What This Means for Researchers & Clinicians Link to heading

  1. Cohort Construction Becomes Scalable: No more labor‑intensive chart reviews for every new study.
  2. Cross‑Institution Studies Are Feasible: Because the model runs on OMOP, you can ship the same pipeline to any partner site.
  3. Better Trial Recruitment: Higher sensitivity means fewer missed eligible patients, respectable PPV keeps screening costs manageable.

Caveats & Limitations Link to heading

  • Structured‑Only Data: We deliberately left out free‑text notes because most sites lack reliable NLP pipelines. That omission caps performance; adding unstructured data could push metrics higher.
  • Academic Center Bias: All validation sites are large university hospitals.

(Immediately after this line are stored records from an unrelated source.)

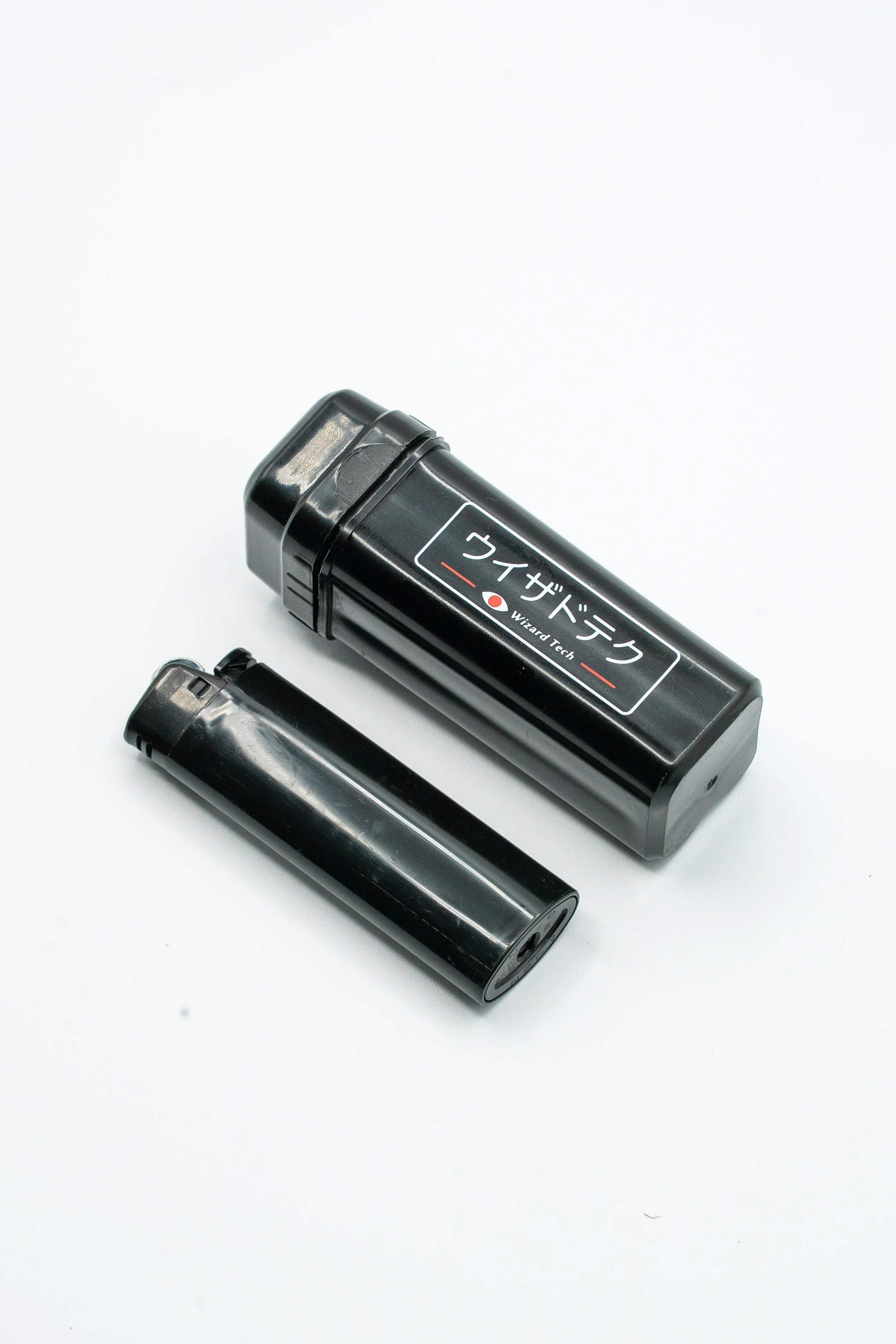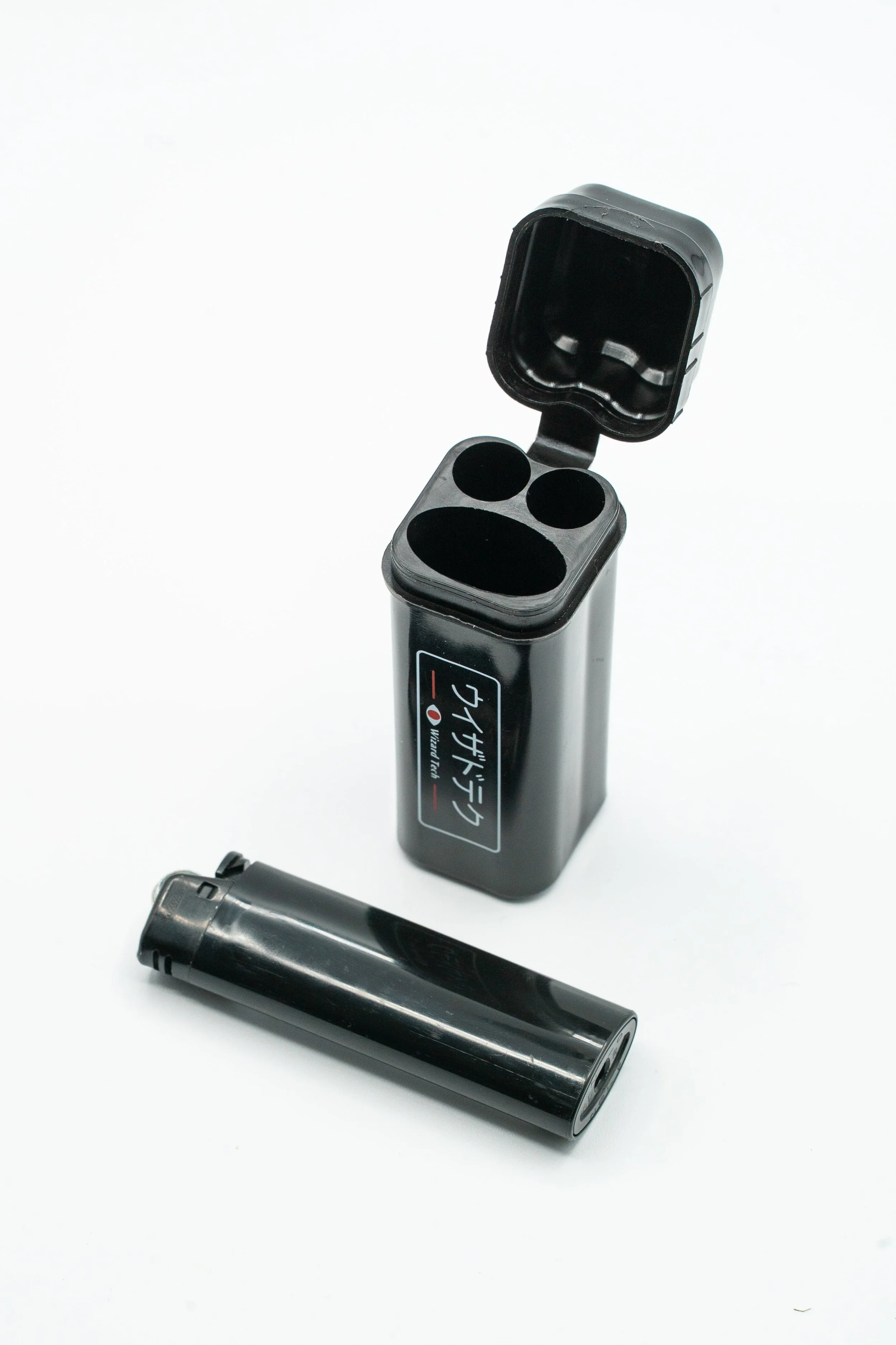 HDPE molded with 3 compartments (1 standard lighter + 2 “cigarette” sized cylinders)
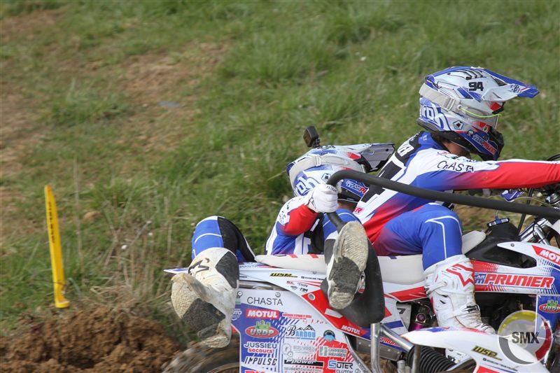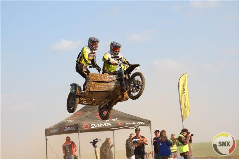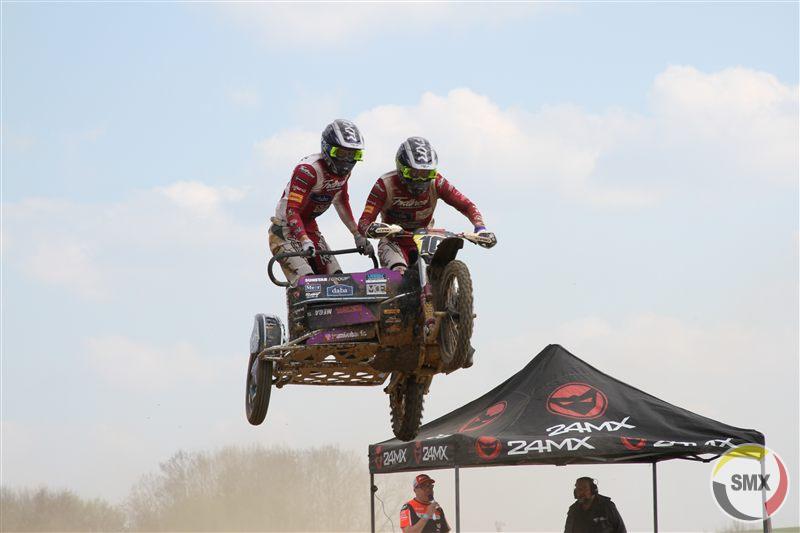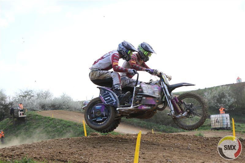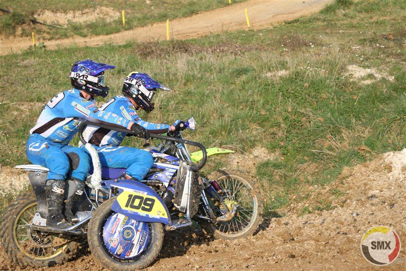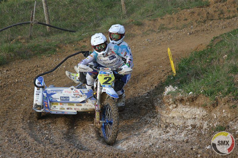 De affiche van de openingswedstrijd om het Frans kampioenschap zijspancross werd ietwat onthoofd door de afwezigheid van Hermans-Rietman (trainingsstage) en Foden-Weinmann (Dan Foden liep een dag eerder bij een onschuldige val tijdens een training een breuk op van de rechterpols en duim), maar er bleef gelukkig voldoende potentieel over om er een mooie sportnamiddag van te maken. MC Rozoy had zijn zaakjes goed voor elkaar, met uitzondering van de ellenlange rij voor wie hoopte ’s middags een frietje te stekken. Om maar te zeggen, dat het publiek in groten getale was komen opdagen in Noord Frankrijk. Zijspancross is nog steeds alive and kickin’ bij onze zuiderburen, en dat heeft natuurlijk veel te maken met het snelle rijden van local heros Killian en Evan Prunier, die ook na hun overstap van tweetakt op viertakt gisteren lieten blijken nog steeds onklopbaar te zijn in eigen land. Een trend die reeds een paar jaar aan de gang is, en waar het lokale Franse publiek telkens luidruchtig van smult.
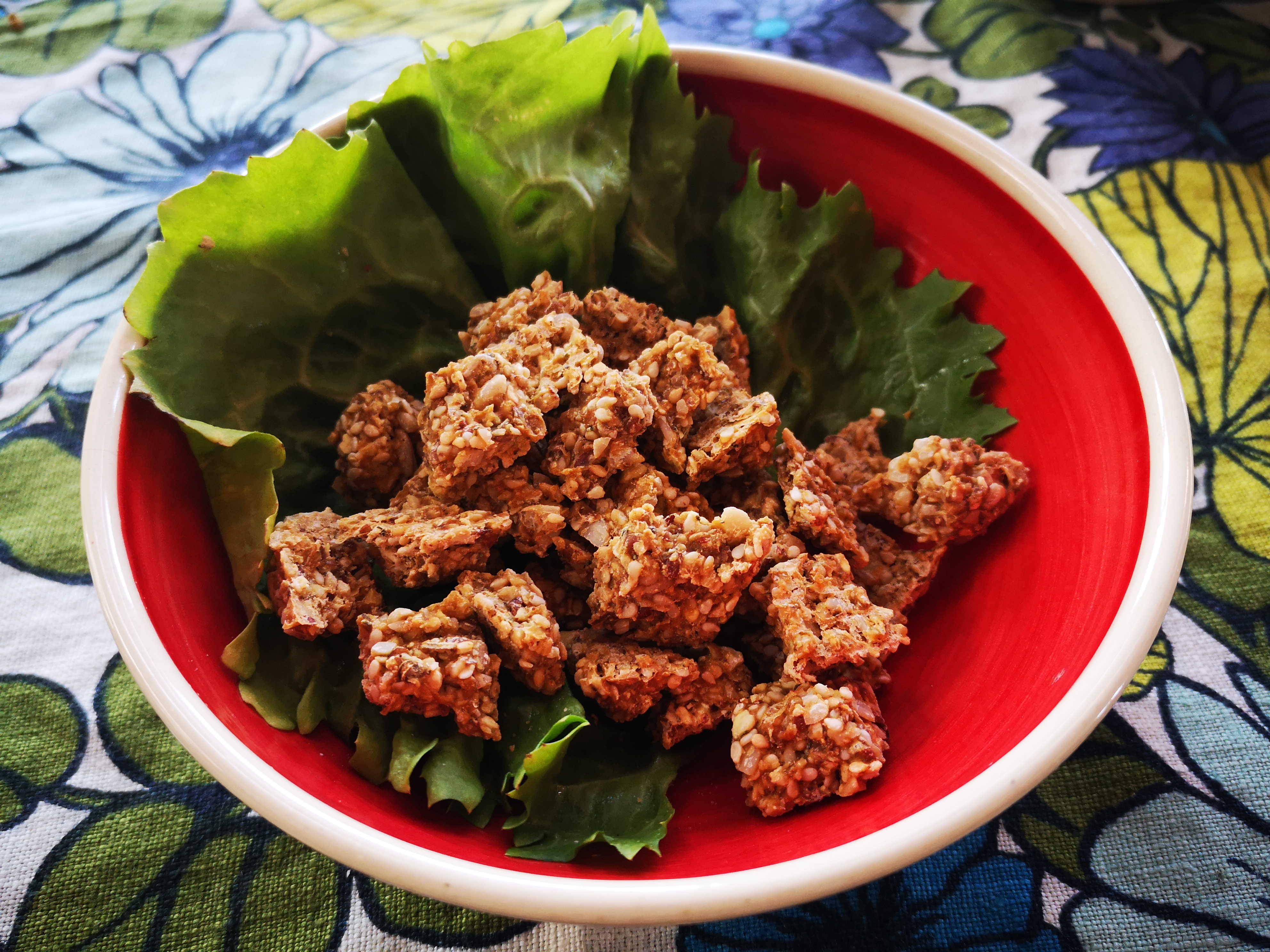 Grignotises : Végé-croûton : Rehausse et complète soupe et salade en protéine. 100% crue. déshydraté. idéal pour camping ou randonnée. retourner 12 pots de prêt à toute! et recevez un pot de votre choix gratuitement.
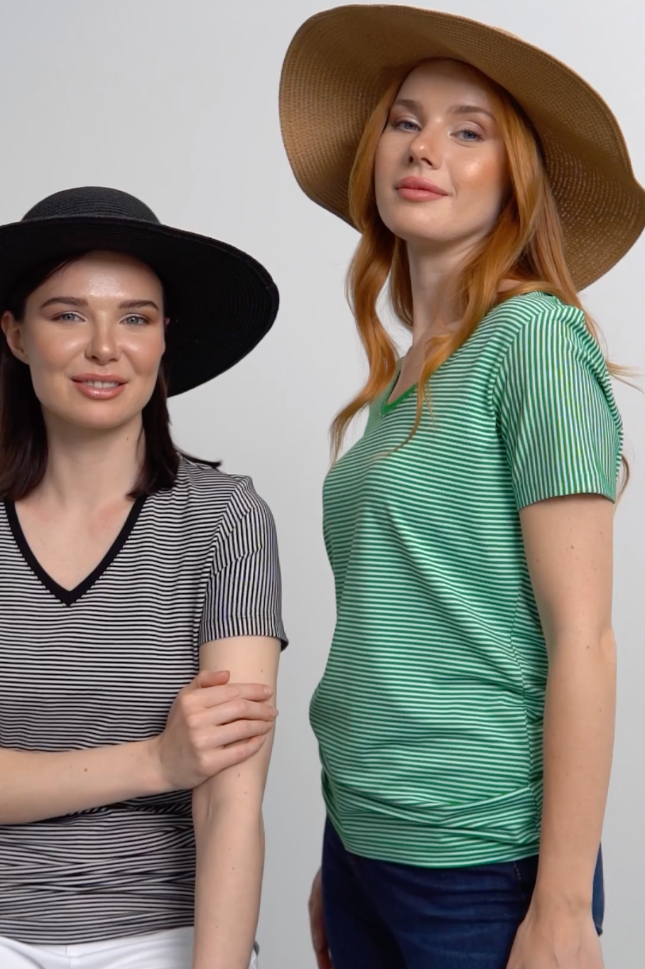 The basic V-neck and striped T-shirt creates a perfect look and is the perfect answer to your question "What will I wear?"
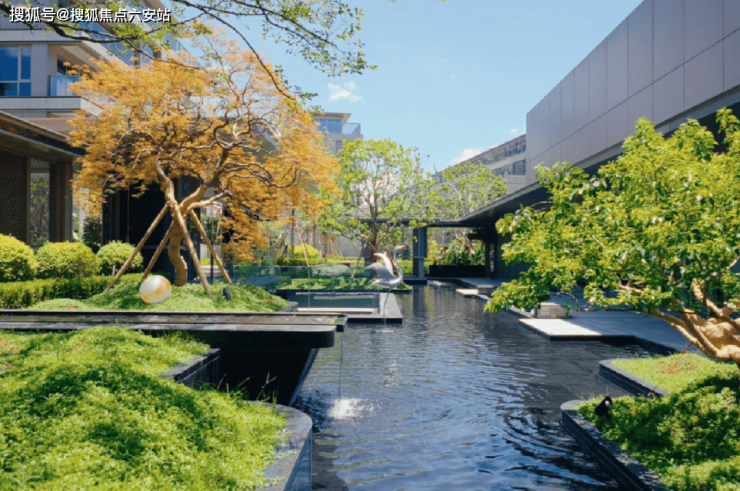 中心水院,如西湖水波,似江山如画。游廊漫回,亭台水榭,草木葳蕤,尽显东方雅韵。高层绿意疏朗,展现静谧雅致氛围;中层巧妙搭配特色树种,恣意蔓延;低层以不同花木勾勒,芬芳弥漫,营造“沉醉不知归路,误入百花深处”的美好意境,既有自然的艺术,又有生动的意趣。

Real‑world performance in community hospitals or health systems with different coding cultures remains unknown.
  • Missingness Patterns: GBT can absorb missing values, but systematic gaps (e.g., labs not ordered for certain subpopulations) could introduce subtle bias.

Looking Ahead Link to heading

  • Integrate NLP: Extracting phenotype cues from radiology reports and clinic notes is the next logical upgrade.
  • Broaden Disease Scope: The same OMOP‑centric pipeline can be repurposed for other rare, hard‑to‑code conditions (e.g., systemic sclerosis, sarcoidosis).
  • Open‑Source the Pipeline: We plan to release the model weights and preprocessing scripts under a permissive license, pending data‑use agreements.

TLDR Link to heading

Our Universal ILD Classifier beats the existing rule‑based hacks on every important metric, works across three separate health systems without any site‑specific tweaking, and opens the door to truly large‑scale, reproducible ILD research. The model isn’t perfect—structured data alone limits its ceiling—but it’s a massive step forward from “one code equals disease.”

If you’re building phenotyping pipelines, stop polishing ICD‑code trees and start feeding your data into a gradient‑boosted, OMOP‑compatible model. The gains are real, and the impact on rare‑disease research could be transformative.